Simple Test for Detecting Out-of-distribution Samples

Problem:
I want to develop a simple test for detecting out-of-distribution samples (image data) based on the distribution of my training data, prior to training - i.e. to detect and remove outliers from the training data - but probably would like to use it after training as well. One of the reasons I want to do this before training is that my team hasn’t selected a model architecture yet.

Existing solutions (not so simple):
The paper below from NeurIPS 2018 proposed an approach that can be applied to pretrained neural classifiers with softmax output. The paper also references other similar approaches.

However, as I said above, I’d actually like to run something on my training data prior to training to detect outliers within the data itself and determine whether those should be excluded.

Proposed approach:
I’m considering experimenting with a two-sample Kolmogorov-Smirnov test, where the first sample is the pixel distribution of a single training sample and the second is some number of manually validated training samples (maybe ~10 to start) from the training data.

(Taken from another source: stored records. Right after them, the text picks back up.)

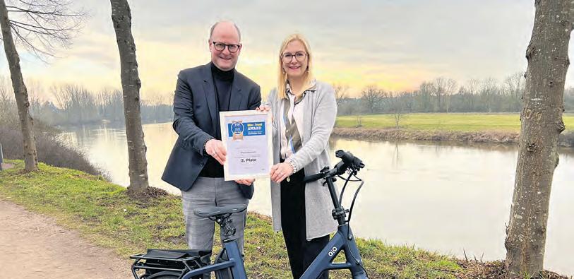 LANDKREIS Der WeserRadweg gilt als meist befahrener und beliebtester Radfernweg in Deutschland. Eine abwechslungsreiche Strecke durch unterschiedliche Landschaften mit idyllischen Fachwerkstädtchen sowie Burgen und Schlössern machen den Radweg zu einem beliebten Radreiseziel. Welche Touren in ihrem Magazin die Favoriten waren, ermittelt das Fachmagazin „Bike&Travel“ einmal im Jahr mit dem „Bike&Travel“Award. Alle Radreisegeschichten, die in den sieben Ausgaben des Magazins im Jahr 2024 vorgestellt wurden, standen in drei Kategorien zur Wahl. Der Weser-Radweg konnte in der Kategorie „Die beliebtesten Touren in Deutschland“ glänzen und erreichte Platz 2 hinter dem Naturpark Altmühltal und vor der 100-SchlösserRoute aus dem Münsterland. Egal, ob man sich nur für einen
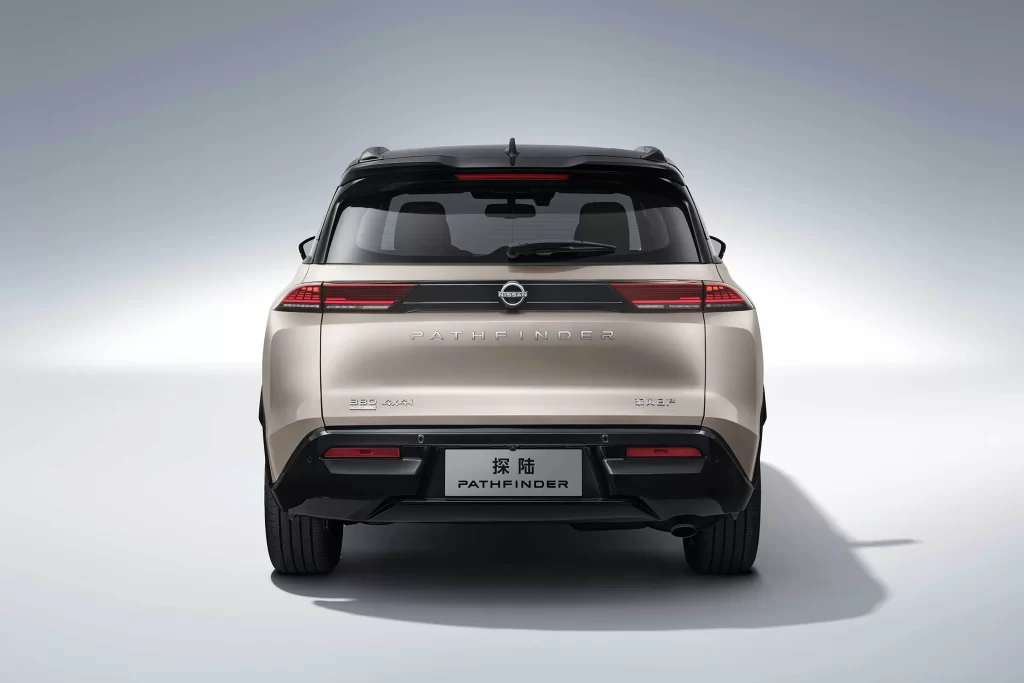 At the rear, the Pathfinder features a full and robust tail design. The taillights are visually connected by a dark trim panel, creating a continuous lighting effect. The central Nissan badge and English model lettering improve recognition.
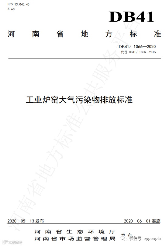 河南:工业炉窑大气污染物排放标准(DB41 1066-2020)等七项污染物排放标准发布,6月1日起实施
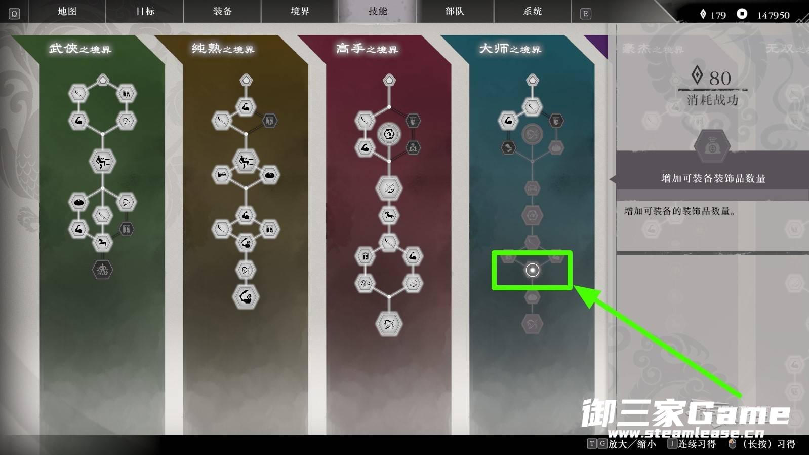 提升境界并解锁【大师之境界】后,用战功在大师之境界的技能树中解锁技能【增加可装备装饰品数量】(需要解锁该技能树的前置技能),即可解锁第二个装饰品栏位。
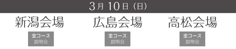 名古屋・松本・沼津・金沢・福岡・新潟・広島・高松の8都市にて、学校説明会を開催します。
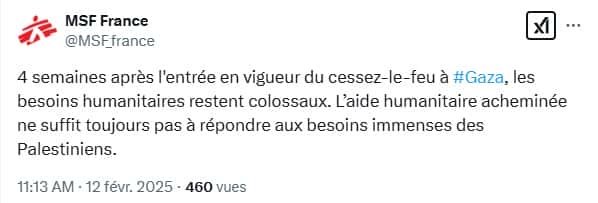 Ce lundi, le Hamas a annoncé le report de la prochaine libération des prisonniers israéliens « jusqu’à nouvel ordre », accusant Israël de ne pas honorer les termes du cessez-le-feu. Mardi, le Premier ministre israélien Benjamin Netanyahou a exigé que les captifs israéliens à Gaza soient libérés d’ici samedi midi, menaçant, dans le cas contraire, de mettre un terme à la trêve et de relancer la guerre dans l’enclave palestinienne.
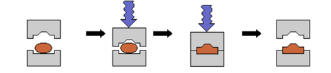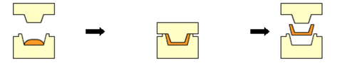 Đóng khuôn trên và sau đó nung nóng khuôn lên và nén khuôn. Sau đó vật liệu sẽ mềm ra và hóa dẻo, điền đầy lòng khuôn.
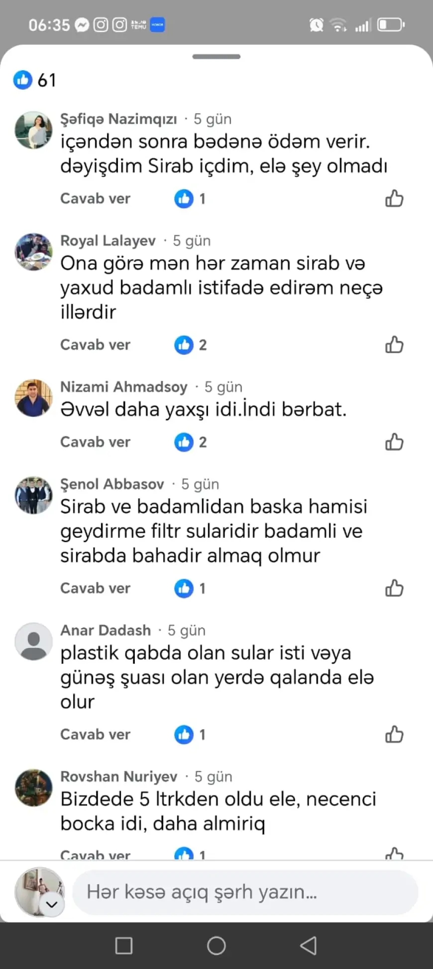 “Açıb içəndən sonra suyun tamı dəhşət dəyişir”.
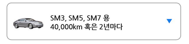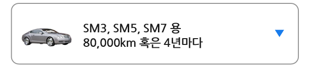 SM3와 구형 SM5 LPG차량은 매 20,000Km 혹은 1년마다 교환, 구형 SM5 가솔린 차량과 New SM5는 매 100,000Km 혹은 5년마다 교환,SM7은 매 100,000Km 혹은 5년마다 교환
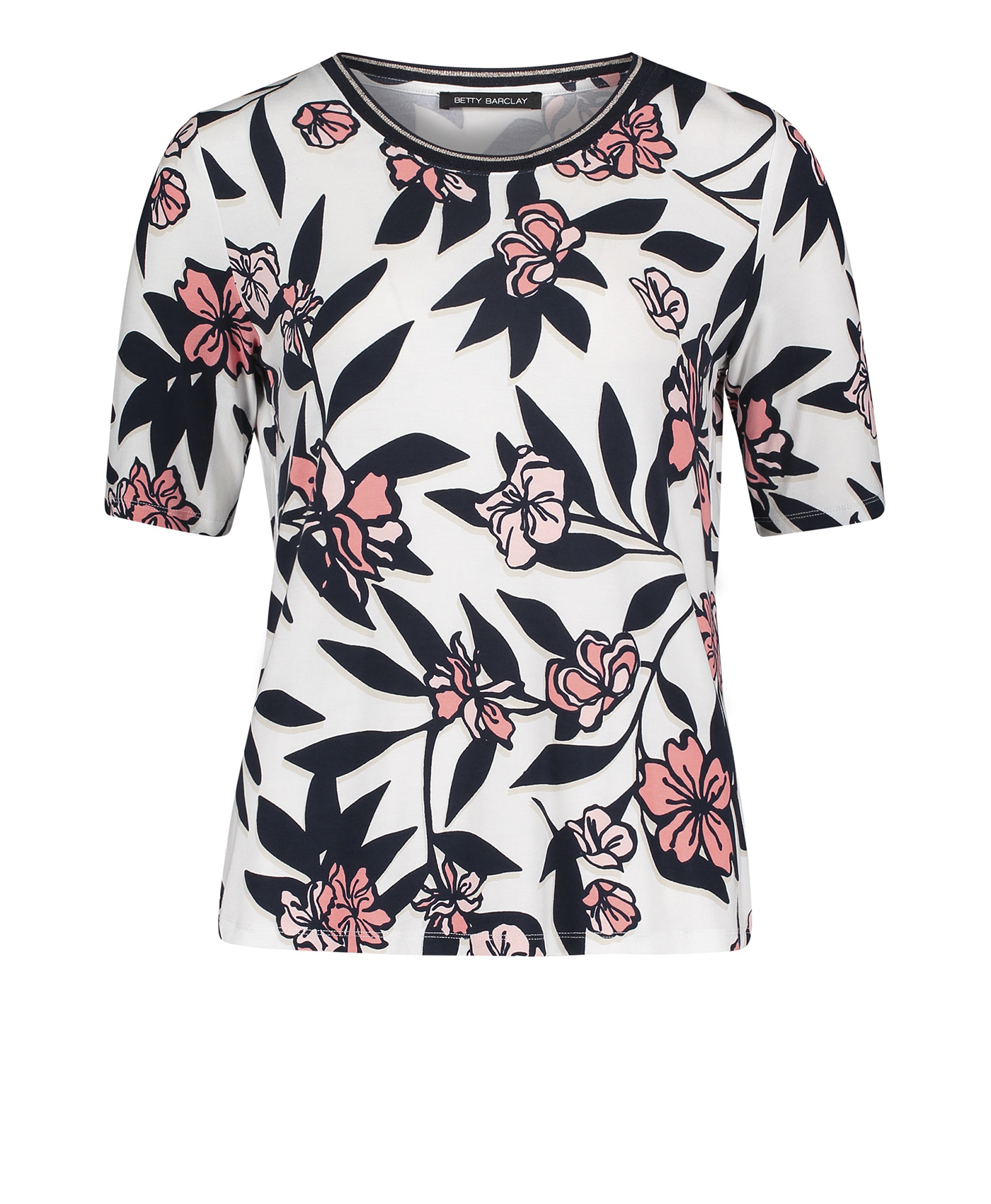 Цветочный принт - непреходящий тренд! Прямой покрой, круглый вырез горловины, рукава 1/2. Вискозная смесь приятна к телу и обеспечивает комфорт. Эта футболка идеально сочетается с любым однотонным низом и обувью.
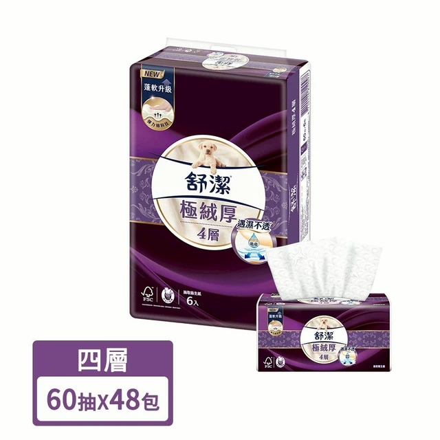 【舒潔】極絨厚四層抽取衛生紙 60抽x6包x4串

Another spin on this approach could be bootstrapping a CDF from the entire training data set and applying a one-sample KS test.

Questions for the group:

  1. Does this approach seem reasonable?
  2. Does anyone else out there have a better approach?
1 Like

If I understand you correctly when you talk about the ‘pixel distribution’ you mean the per channel intensity histograms?

Do you have a good reason to expect your ‘normal’ images to have a similar intensity histograms (or perhaps one of several characteristic histograms)?

Intensity histograms are a very particular signature of an image. For example the histograms of an image don’t change if you randomly permute the location of pixels. You can shuffle each channel up and you’ll still get the same histograms.

What would the histograms of outliers in your world look like? Are there any outliers you can think of that would have similar histograms to ‘normal’ images.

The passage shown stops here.